In its most simple form, a social contract is an agreement between the people in a society and the society that they are a part of, to provide an environment conductive to – at a minimum – survival.
This is a fundamental human expectation which exists within a 20 person tribe in the Amazon jungle, to a city populated by millions, and outward to a country populated by hundreds of millions.
Then there’s Somalia – a fractured state – where the social contract has been shredded by the elites, politicians, warring factions, and the political and functional ineptness of intervening outside agencies and governments.
Since certain Western governments seem to find it more politically appealing to blow the hell out of people, in support of oligarchs, rather than provide adequate assistance to those truly in need of survival intervention, the famine victims in Somalia are virtually on their own.

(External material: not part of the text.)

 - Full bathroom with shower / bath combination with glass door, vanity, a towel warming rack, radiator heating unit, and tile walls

If you’ve read this far and you’re wondering why I would take a position on a food crisis in Africa, in a technical blog – here’s why.

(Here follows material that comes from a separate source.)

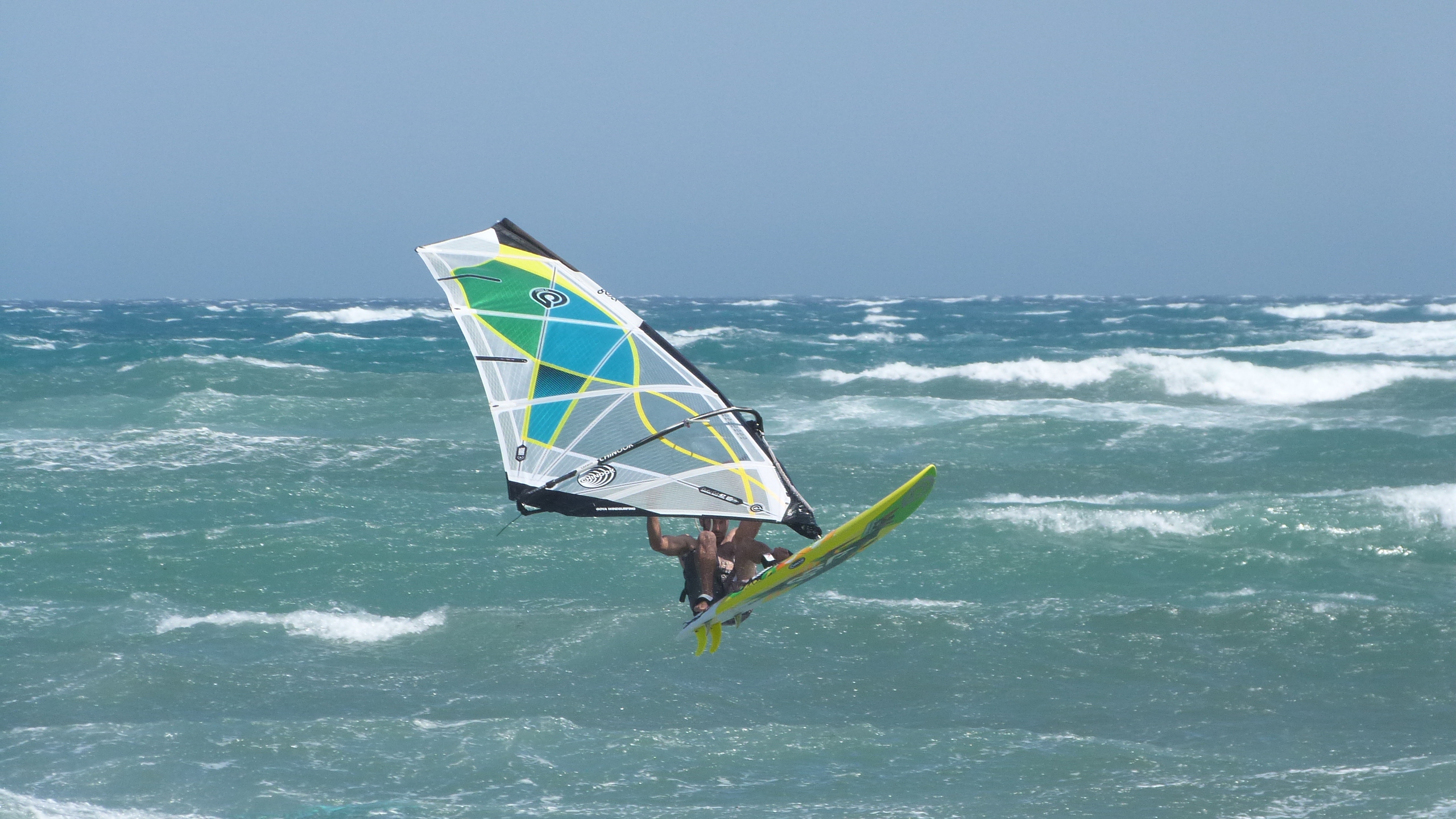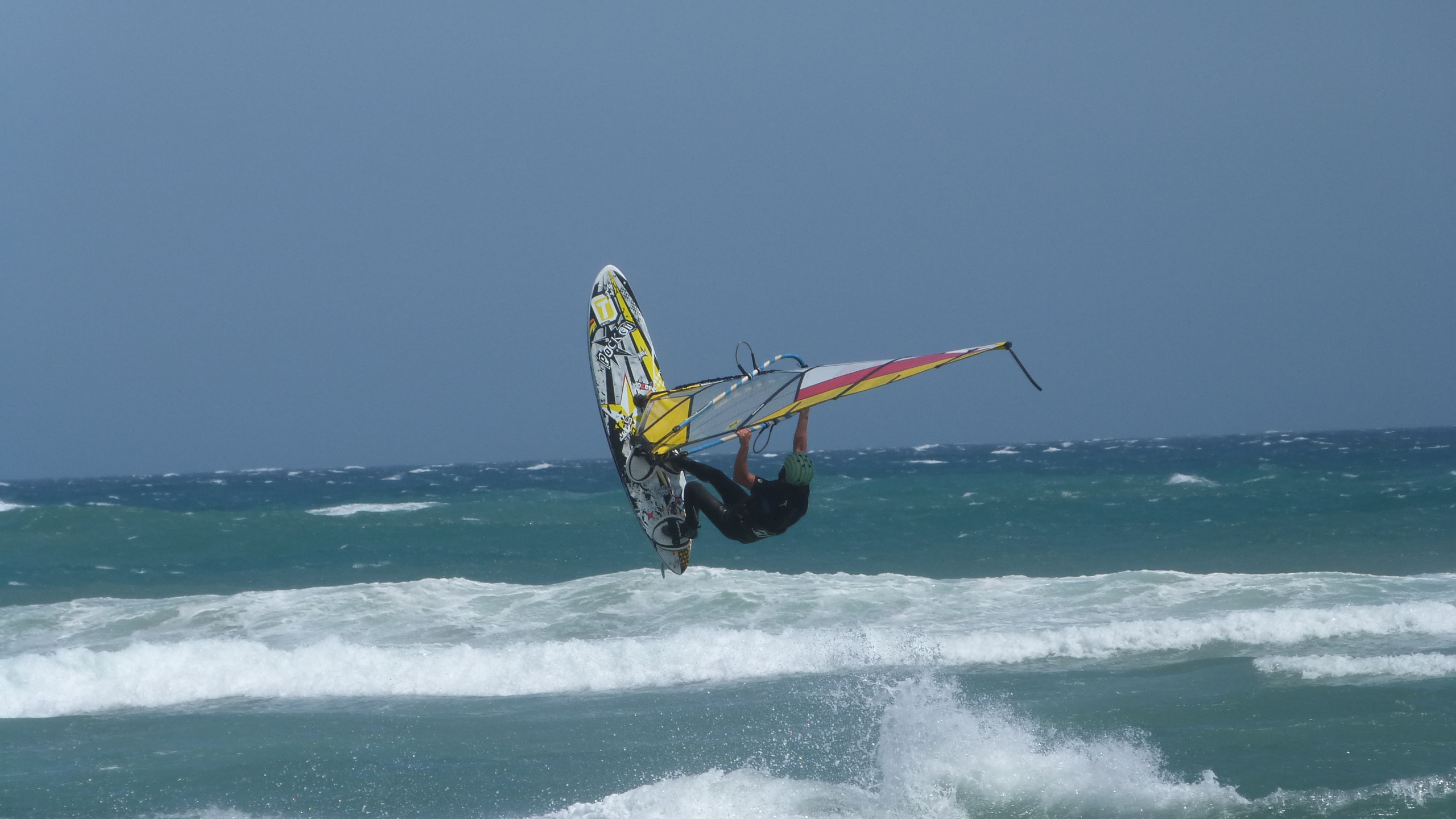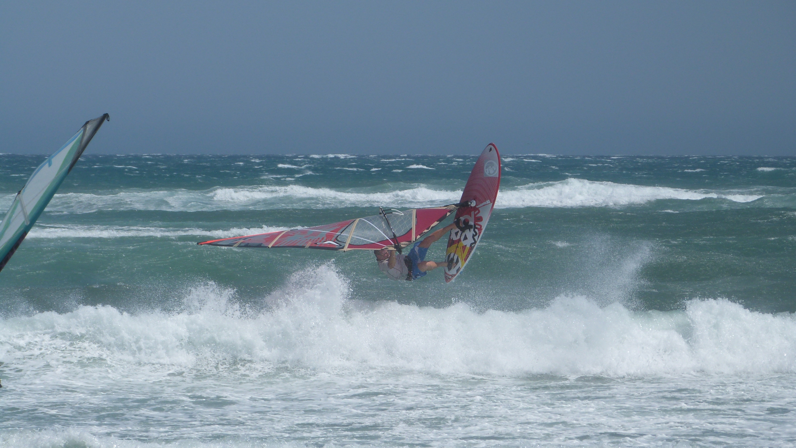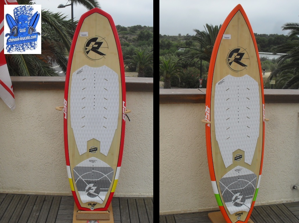 A ma gauche, la RSC Play, 5’2 par 18 shapée pour coller à la nouvelle tendance freestyle wave new school les pieds à l’air. Très compacte avec un nose tronqué, c’est une planche qui vous permettra d’enchainer des tricks facilement et radicalement en strapless. Malgré sa petite taille, elle conserve suffisamment de volume grâce à un nez et un tail bien large et une surface importante qui vous plaquera la planche aux pieds pour les phases aériennes. Son rocker assez rendu associé à un double concave assure vitesse, confort et turns radicaux dans les petites vagues. Rapide, confortable, pivotante, c’est un jouet très performant pour tout type de plan d’eau.

First – the consensus of opinion I’m reading in popular media seems to be focused more on “here we go again”, and the usual – we need to stop giving taxpayer money to feed people in Africa who contribute to terrorism, piracy, environmental destruction and world overpopulation – rather than on a realistic humanitarian perspective.

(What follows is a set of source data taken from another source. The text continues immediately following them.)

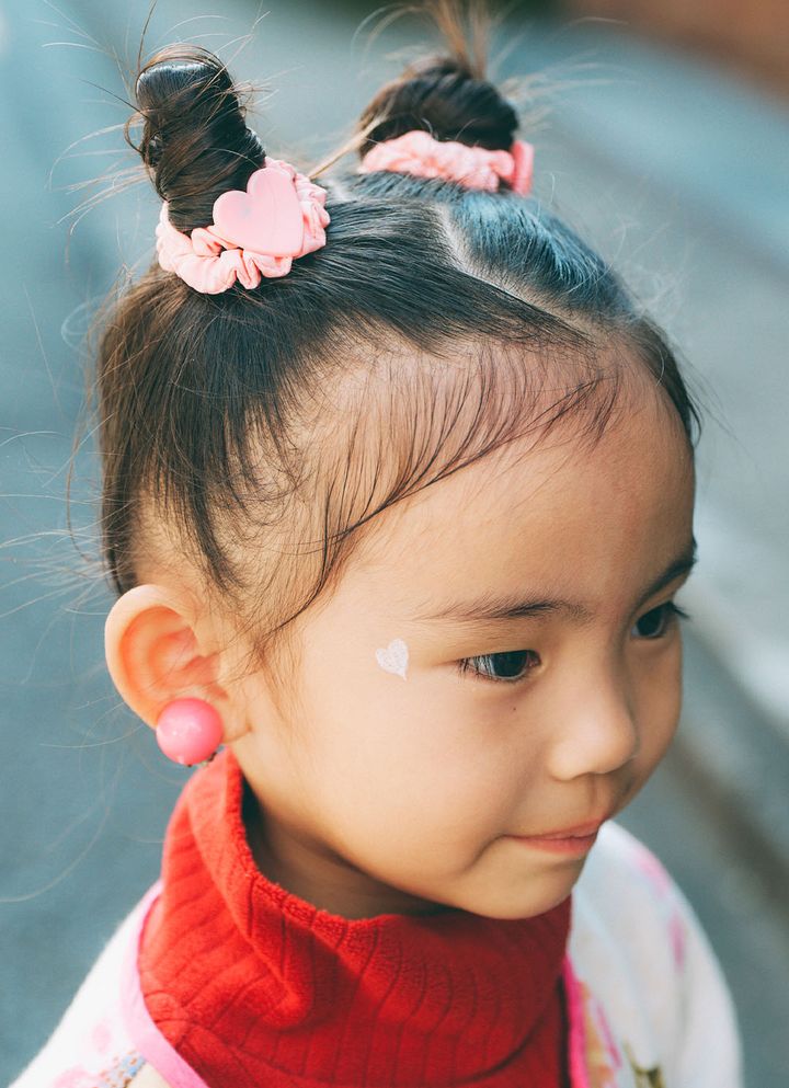 ふたつのお団子にピンクのヘアアクセサリーが映えるヘアスタイル。顔まわりのハートシールもキュートにイヤリングを付けて、キッズのテンションアップ♪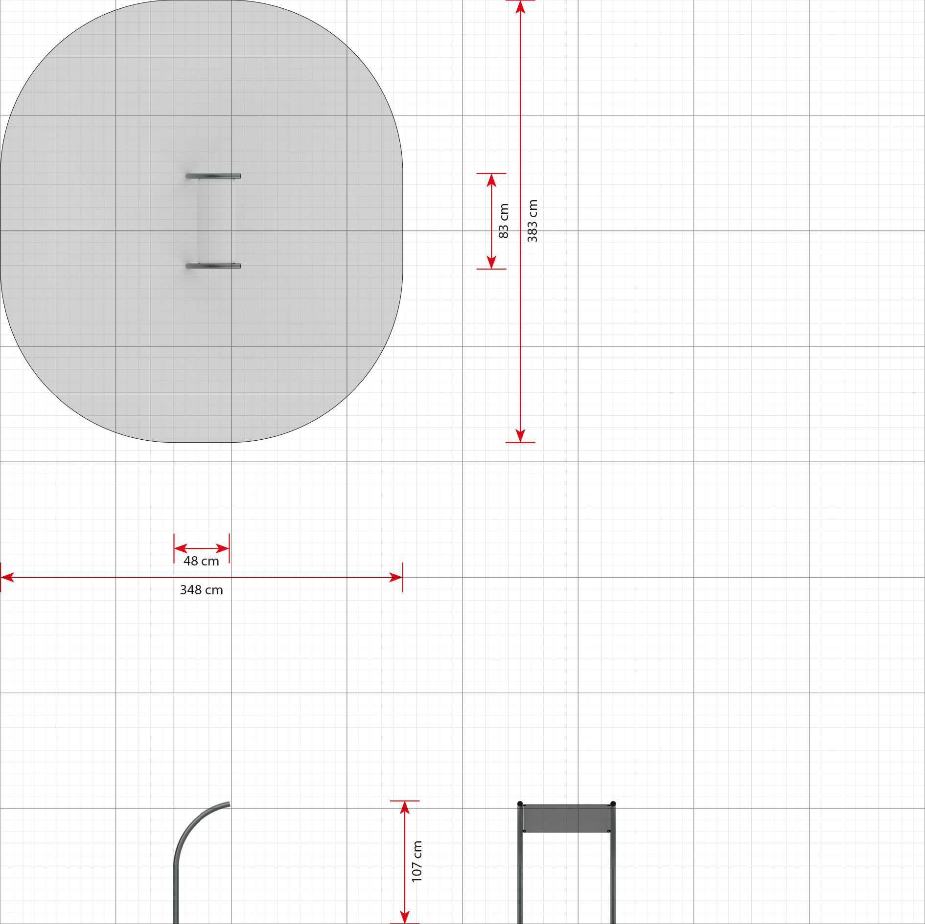 Arealbehov inkl. sikkerhedsafstande (LxB)383 x 348 cm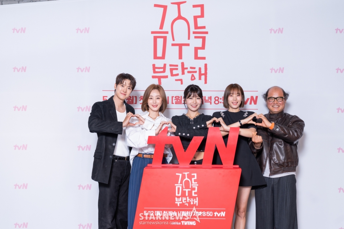 배우 공명, 김성령, 최수영, 조윤희, 김상호가 7일 오후 온라인으로 진행된 tvN 월화드라마 '금주를 부탁해' 제작발표회에 참석해 포즈를 취하고 있다. /사진제공=CJENM 2025.05.07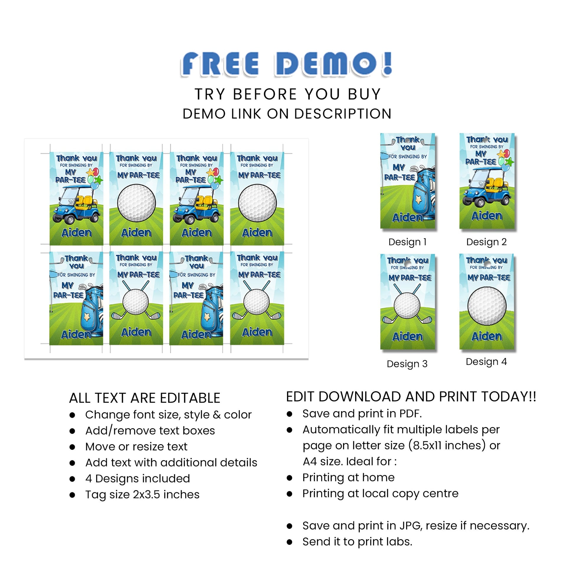 Golf Favor Tags - Custom Tags for Golf Party Favors and Goodie Bags
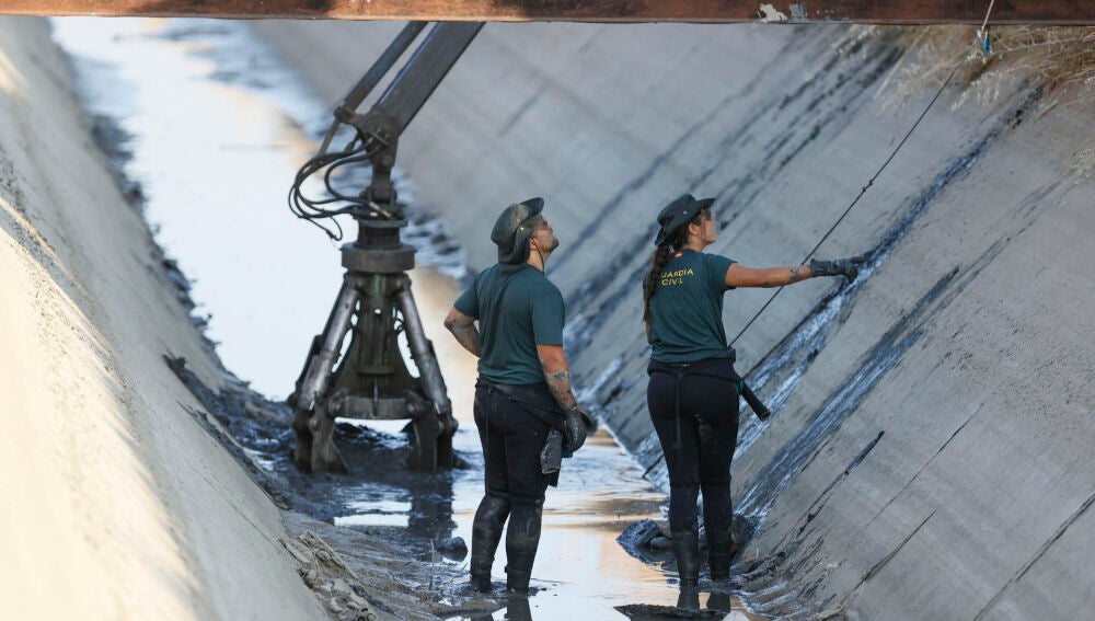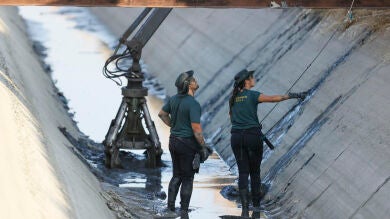 Agentes del instituto armado inspeccionan el canal de Mocejón, hasta el que se han desplazado siete coches patrulla y donde se concentra una gran cantidad de vecinos de la localidad.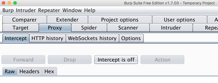 In Burp, click the Proxy tab. Click the Intercept button. If the button label reads "Intercept is on", click it to make it show "Intercept is off", as shown below.

Second – the following comment from regular reader “Hipockets”, whose concern for the innocent victims, in what is proving to be an escalating tragedy, is evident.
Bill, the following request is way, way, way off topic, but the famine in Kenya and Somalia is so severe that many families there are having to choose which of their children to feed, and which to bury.
There are many worthy causes that need our help, but I can think on nothing more important than helping starving children.
So please think about some way to tell your readers about how they can contribute funds to help these children.
Contributions can be made via the following websites:
Admittedly, the World is in unprecedented turmoil. A time in which we’re faced with issues that appear to offer diminishing prospects of a satisfactory resolution. Even so, the very idea of not providing adequate assistance in order to prevent a generational tragedy in Somalia, is abhorrent to me.
I’m hopeful that you will join with me, Hipockets, and other concerned individuals, in offering what help you can to those in Somalia who are faced with circumstances – not of their own making – in which their survival is under attack.